Reproduce the listing below from the line with "Once you arrive" to the line with "שוכן בחורשה של", both lines included, character for character, minus any pictures.

[MATERIAL FOR THIS EXERCISE]

::::

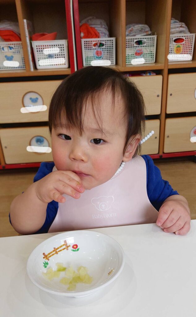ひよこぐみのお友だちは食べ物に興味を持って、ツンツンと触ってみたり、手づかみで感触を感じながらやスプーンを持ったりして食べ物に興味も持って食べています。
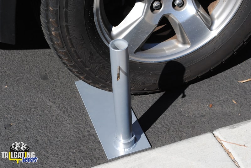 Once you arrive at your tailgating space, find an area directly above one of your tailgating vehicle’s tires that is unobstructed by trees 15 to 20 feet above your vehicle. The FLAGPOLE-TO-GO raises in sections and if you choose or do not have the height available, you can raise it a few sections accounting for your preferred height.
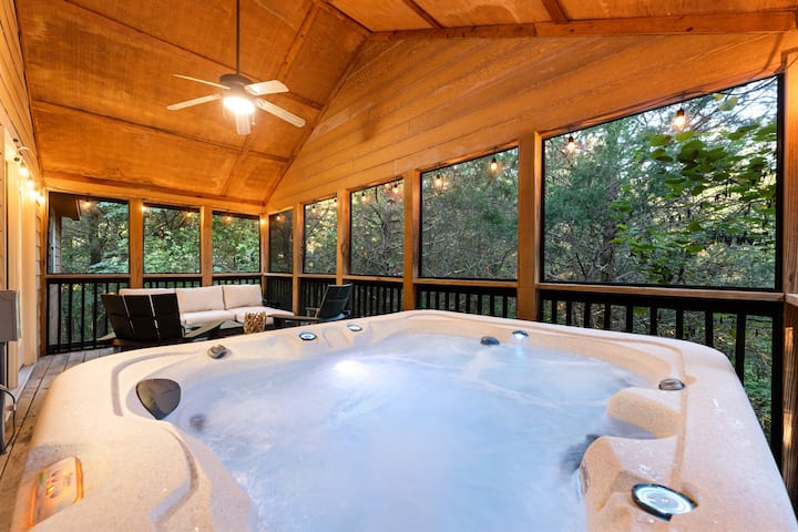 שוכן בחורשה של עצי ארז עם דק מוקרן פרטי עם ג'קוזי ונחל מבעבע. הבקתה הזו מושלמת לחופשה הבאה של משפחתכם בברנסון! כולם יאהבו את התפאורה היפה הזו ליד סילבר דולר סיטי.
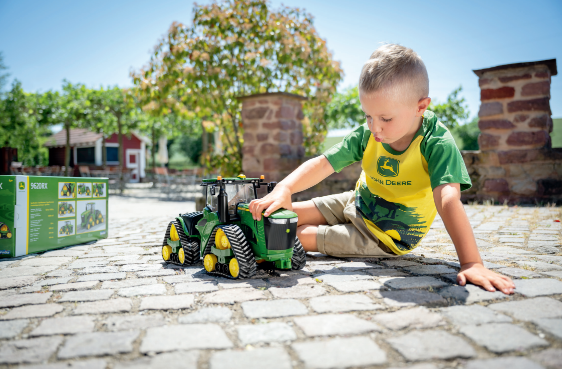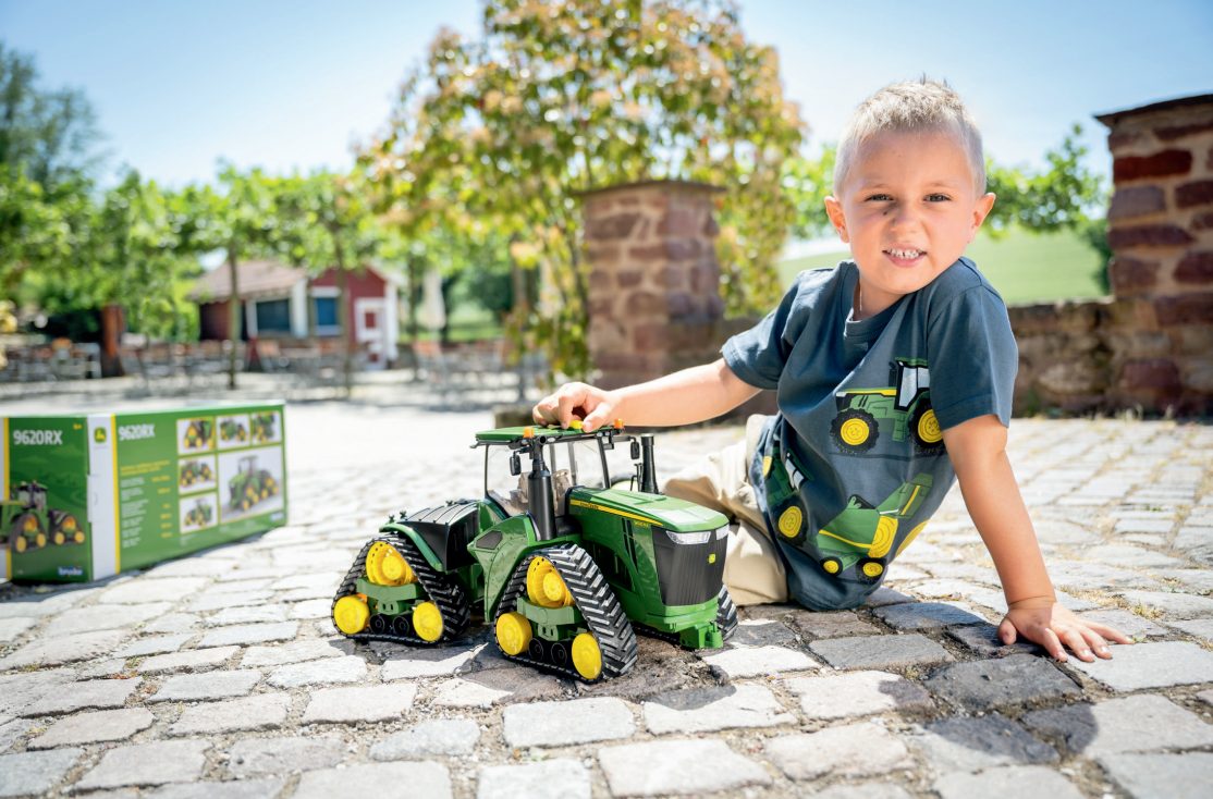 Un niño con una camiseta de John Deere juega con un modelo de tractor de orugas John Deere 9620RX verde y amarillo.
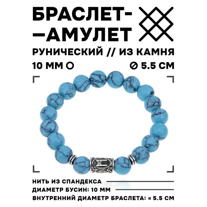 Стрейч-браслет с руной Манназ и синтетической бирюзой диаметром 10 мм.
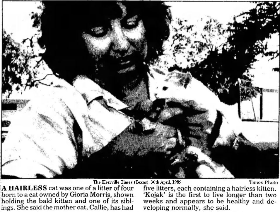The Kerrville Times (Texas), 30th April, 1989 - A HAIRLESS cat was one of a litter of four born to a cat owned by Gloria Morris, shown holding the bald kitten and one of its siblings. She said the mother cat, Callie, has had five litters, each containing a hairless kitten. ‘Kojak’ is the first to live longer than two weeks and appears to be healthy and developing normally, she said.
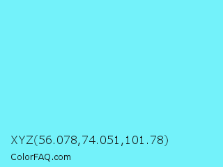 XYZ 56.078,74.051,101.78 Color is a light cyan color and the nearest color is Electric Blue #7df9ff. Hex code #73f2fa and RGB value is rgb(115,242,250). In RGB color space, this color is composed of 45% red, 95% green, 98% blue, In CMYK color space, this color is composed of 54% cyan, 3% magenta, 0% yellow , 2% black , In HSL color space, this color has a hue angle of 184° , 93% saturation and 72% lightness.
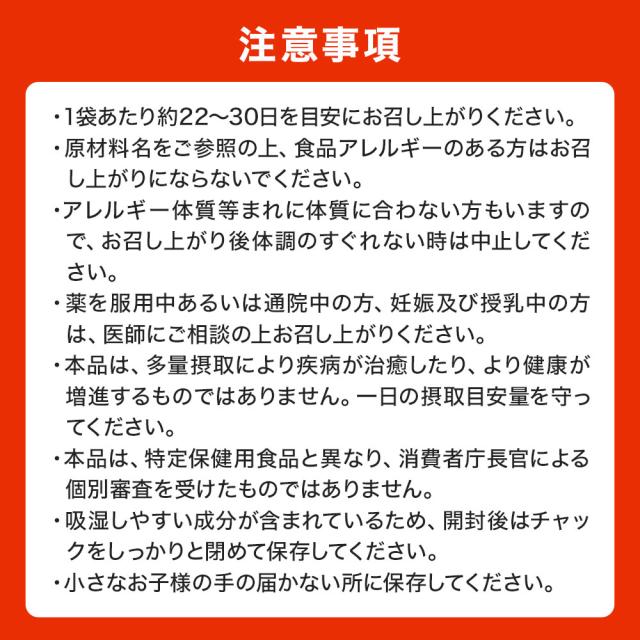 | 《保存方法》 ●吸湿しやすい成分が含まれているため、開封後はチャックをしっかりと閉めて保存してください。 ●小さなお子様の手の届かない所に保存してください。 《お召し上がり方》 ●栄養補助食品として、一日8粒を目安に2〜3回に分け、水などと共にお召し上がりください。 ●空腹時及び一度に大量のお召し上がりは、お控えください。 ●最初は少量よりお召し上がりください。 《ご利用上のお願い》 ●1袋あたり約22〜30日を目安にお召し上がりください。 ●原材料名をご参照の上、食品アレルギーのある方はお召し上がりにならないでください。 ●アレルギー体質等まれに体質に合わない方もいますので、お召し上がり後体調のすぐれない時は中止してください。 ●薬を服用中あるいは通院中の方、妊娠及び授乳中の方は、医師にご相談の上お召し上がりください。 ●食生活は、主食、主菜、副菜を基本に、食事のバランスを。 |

::::

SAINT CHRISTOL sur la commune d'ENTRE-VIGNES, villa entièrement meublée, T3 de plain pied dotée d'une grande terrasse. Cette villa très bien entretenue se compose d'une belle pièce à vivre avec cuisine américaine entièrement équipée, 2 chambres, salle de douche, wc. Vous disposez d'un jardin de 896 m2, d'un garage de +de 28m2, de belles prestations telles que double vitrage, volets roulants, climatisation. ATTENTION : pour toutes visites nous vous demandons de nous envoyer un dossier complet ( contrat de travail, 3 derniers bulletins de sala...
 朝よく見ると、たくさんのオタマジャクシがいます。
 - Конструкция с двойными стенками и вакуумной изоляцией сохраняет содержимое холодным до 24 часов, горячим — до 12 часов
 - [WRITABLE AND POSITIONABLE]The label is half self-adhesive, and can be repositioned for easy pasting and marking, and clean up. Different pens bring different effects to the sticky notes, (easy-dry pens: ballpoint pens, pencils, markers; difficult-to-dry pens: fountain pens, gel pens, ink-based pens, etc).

::::

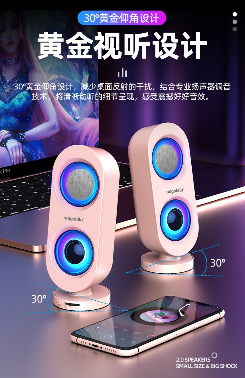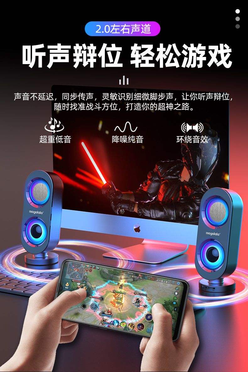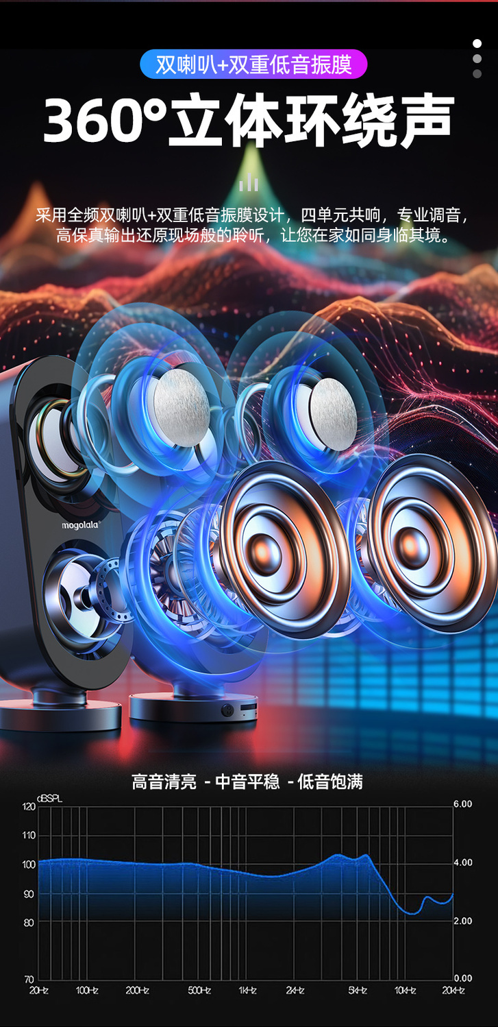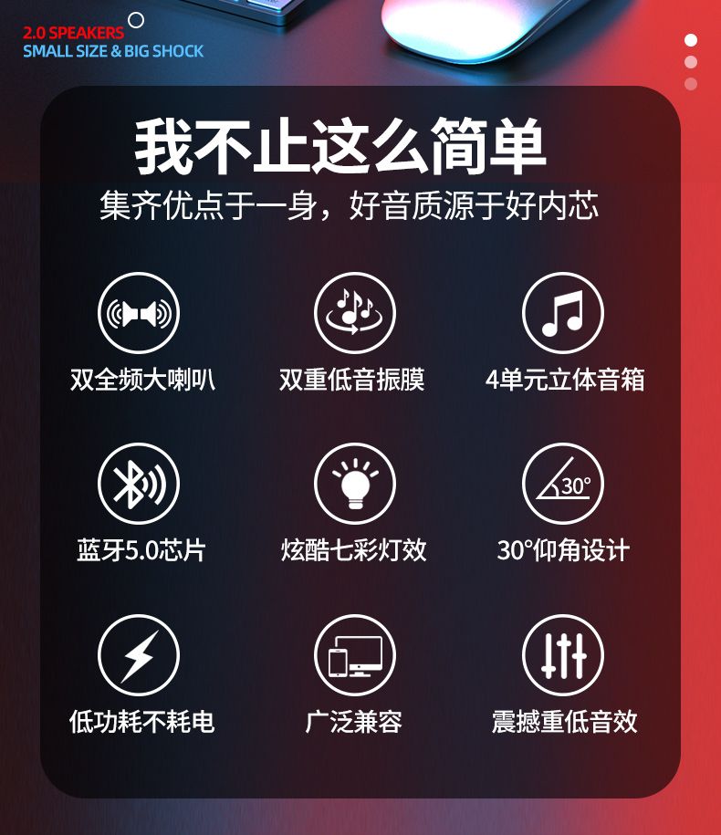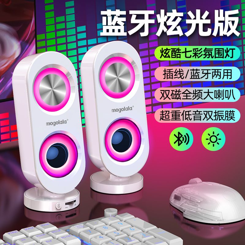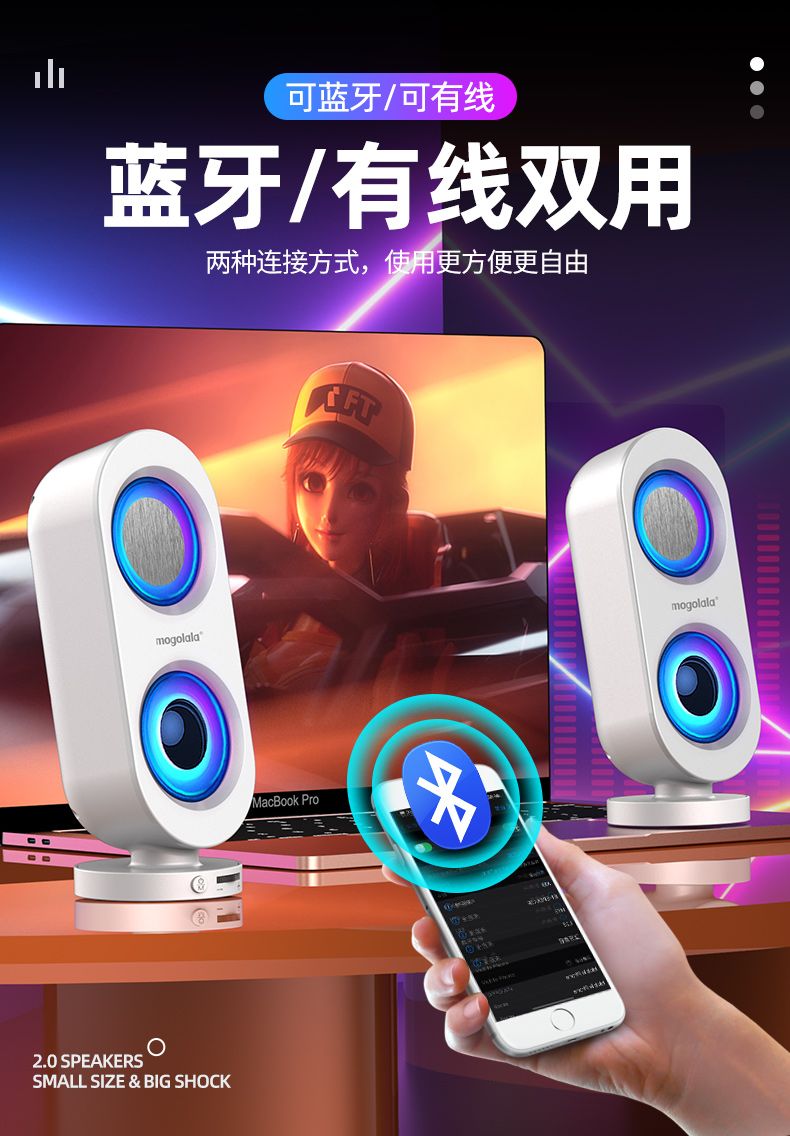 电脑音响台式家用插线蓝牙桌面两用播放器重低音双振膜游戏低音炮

::::

[SOLUTION FOR THIS EXERCISE]
 Once you arrive at your tailgating space, find an area directly above one of your tailgating vehicle’s tires that is unobstructed by trees 15 to 20 feet above your vehicle. The FLAGPOLE-TO-GO raises in sections and if you choose or do not have the height available, you can raise it a few sections accounting for your preferred height.
 שוכן בחורשה של עצי ארז עם דק מוקרן פרטי עם ג'קוזי ונחל מבעבע. הבקתה הזו מושלמת לחופשה הבאה של משפחתכם בברנסון! כולם יאהבו את התפאורה היפה הזו ליד סילבר דולר סיטי.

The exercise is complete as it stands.